Results Table : 1046928 rows.
Nodes Table :  50 rows.

I am joining these two tables with the following query and the execution of the query is very very slow.

select res.TIndex, res.PNumber, res.Sender, res.Receiver, 
sta.Nickname, rta.Nickname from ((Results res join 
Nodes sta) join Nodes rta) where ((res.sender_h=sta.name) and
(res.receiver_h=rta.name));

Please help me optimize this query. Right now if I want to pull just top 5 rows, It takes about 5-6 MINUTES. Thank you.

CREATE TABLE `nodes1` (
  `NodeID` int(11) NOT NULL,
  `Name` varchar(254) NOT NULL,
  `Nickname` varchar(254) NOT NULL,
  PRIMARY KEY (`NodeID`)
) ENGINE=InnoDB DEFAULT CHARSET=latin1

CREATE TABLE `Results1` (
  `TIndex` int(11) NOT NULL,
  `PNumber` int(11) NOT NULL,
  `Sender` varchar(254) NOT NULL,
  `Receiver` varchar(254) NOT NULL,
  `PTime` datetime NOT NULL,
  PRIMARY KEY (`TIndex`,`PNumber`),
  KEY `PERIOD_TIME_IDX` (`PTime`)
) ENGINE=InnoDB DEFAULT CHARSET=latin1
5
  • post the SHOW CREATE TABLE output for the 2 tables Commented May 6, 2011 at 0:47
  • do you just mean the misspelling or is there something bigger im missing? i dont see anything logically wrong, just the tra vs rta Commented May 6, 2011 at 0:54
  • @jon_darkstar: That. I haven't looked closer. Commented May 6, 2011 at 0:55
  • My tables are really big. So, I just cutdown some columns and posted the smaller version. if you think real tables makes sence, I can post them as well. Thank you. Commented May 6, 2011 at 0:58
  • @M99: Please verify that the issue still exists with your stripped-down testcase.
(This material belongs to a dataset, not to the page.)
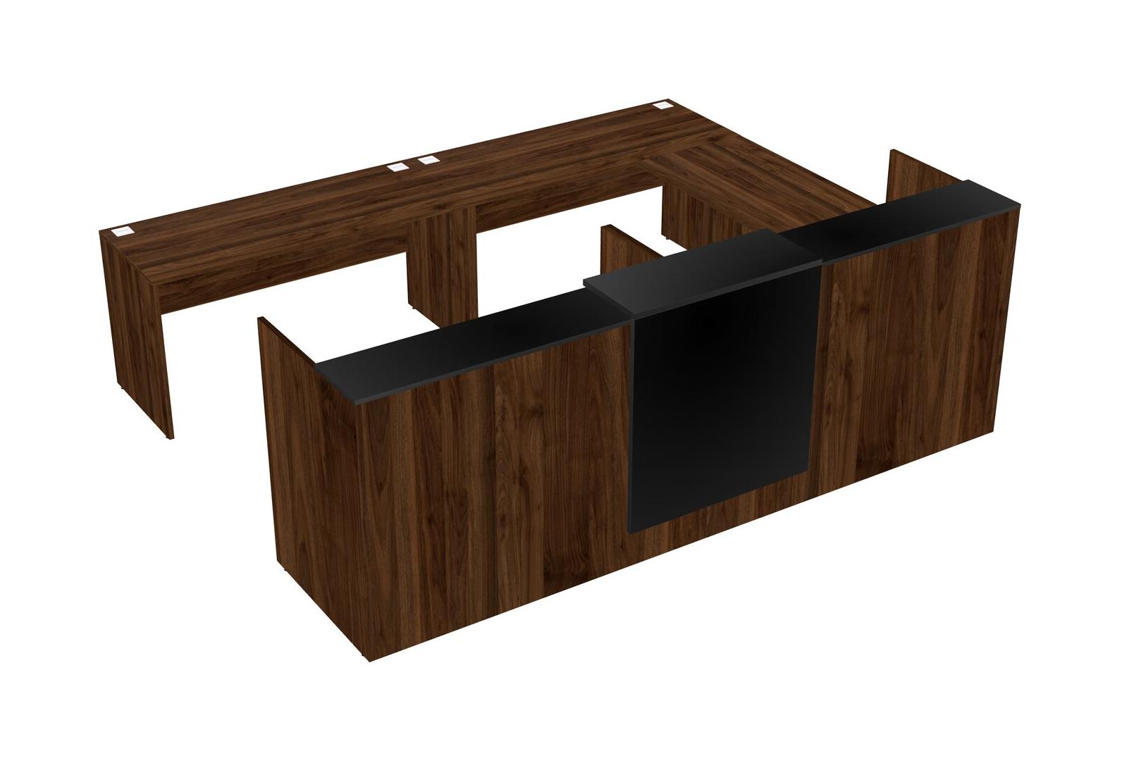 Modular Shared One Sided U-Shaped Reception Desk With Floating Counter + Wooden Mobile Drawers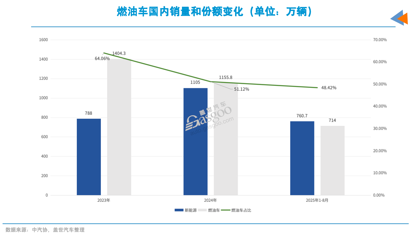 燃油车则在同一时期连续下滑,在国内市场2024年销量降至1155万辆,同比下降17.3%,市场份额跌至51%。关于燃油车“日薄西山”的观点不时被提出。

It's good that you made one, but you should ensure that you made it properly. :) Commented May 6, 2011 at 1:01

2 Answers 2

4
SELECT  res.TIndex ,
        res.PNumber ,
        res.Sender ,
        res.Receiver ,
        sta.Nickname ,
        rta.Nickname
FROM    Results AS res
        INNER JOIN Nodes AS sta ON res.sender_h = sta.name
        INNER JOIN Nodes AS rta ON res.receiver_h = rta.NAME
  1. Create an index on Results (sender_h)
  2. Create an index on Results (receiver_h)
  3. Create an index on Nodes (name)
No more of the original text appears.